## Task directions
Only some lines are wanted. Transcribe, exactly, the lines below from the line with "在秋风的浸染下,眼前的景色,斑斓多彩。大" up to and including the line with "Головная часть и".

## Information
────

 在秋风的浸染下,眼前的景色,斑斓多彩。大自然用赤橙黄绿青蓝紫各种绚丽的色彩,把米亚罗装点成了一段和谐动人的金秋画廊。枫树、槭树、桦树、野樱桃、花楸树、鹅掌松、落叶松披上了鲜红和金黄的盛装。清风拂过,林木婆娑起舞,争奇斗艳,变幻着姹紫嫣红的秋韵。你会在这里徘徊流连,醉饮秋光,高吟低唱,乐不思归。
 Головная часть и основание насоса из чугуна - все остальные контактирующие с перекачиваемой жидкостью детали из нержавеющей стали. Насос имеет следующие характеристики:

────

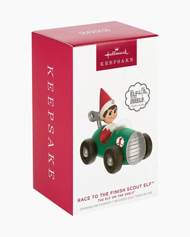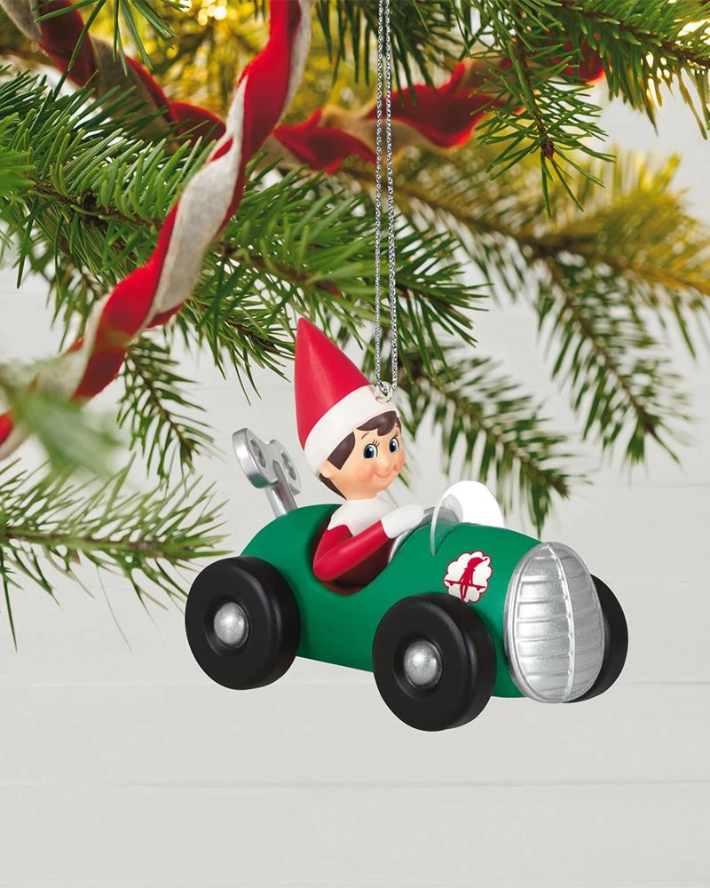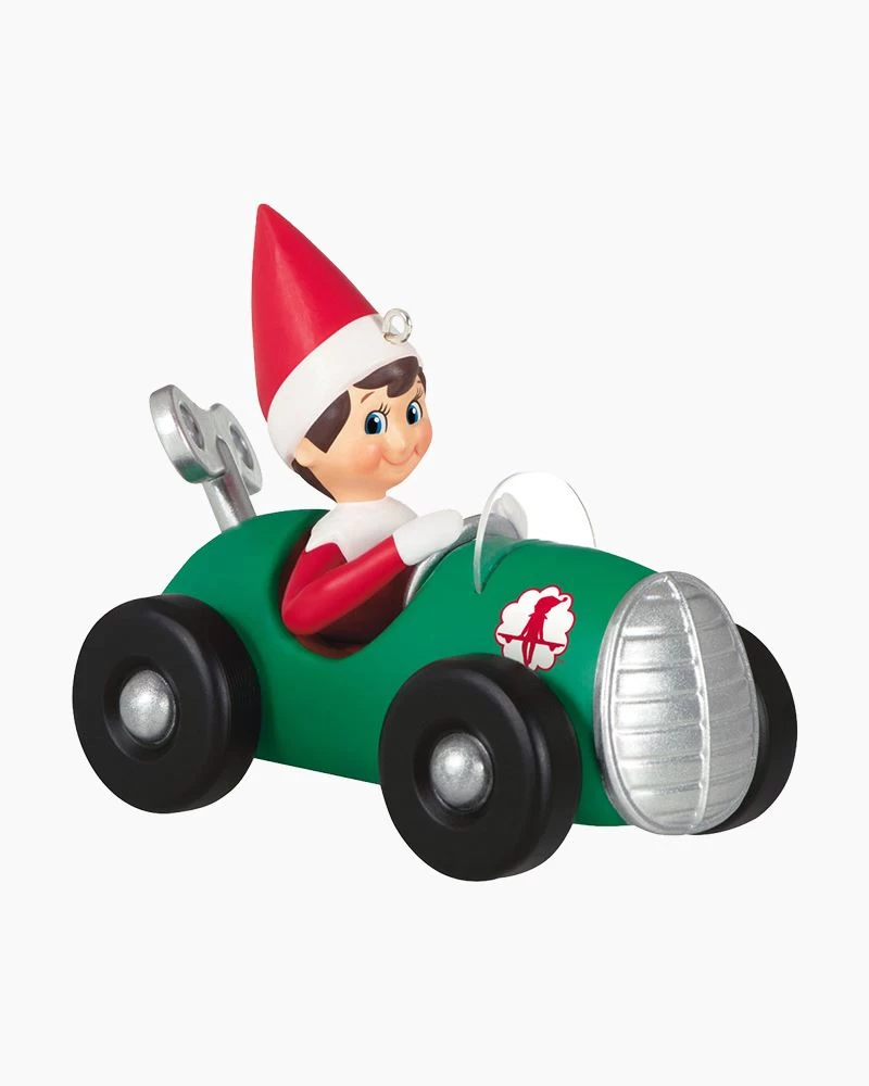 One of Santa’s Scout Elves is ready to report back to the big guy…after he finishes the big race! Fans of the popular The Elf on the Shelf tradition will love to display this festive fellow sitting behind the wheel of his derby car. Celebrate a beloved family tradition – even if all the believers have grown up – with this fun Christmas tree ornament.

────

## Answer to this task
 在秋风的浸染下,眼前的景色,斑斓多彩。大自然用赤橙黄绿青蓝紫各种绚丽的色彩,把米亚罗装点成了一段和谐动人的金秋画廊。枫树、槭树、桦树、野樱桃、花楸树、鹅掌松、落叶松披上了鲜红和金黄的盛装。清风拂过,林木婆娑起舞,争奇斗艳,变幻着姹紫嫣红的秋韵。你会在这里徘徊流连,醉饮秋光,高吟低唱,乐不思归。
 Головная часть и основание насоса из чугуна - все остальные контактирующие с перекачиваемой жидкостью детали из нержавеющей стали. Насос имеет следующие характеристики:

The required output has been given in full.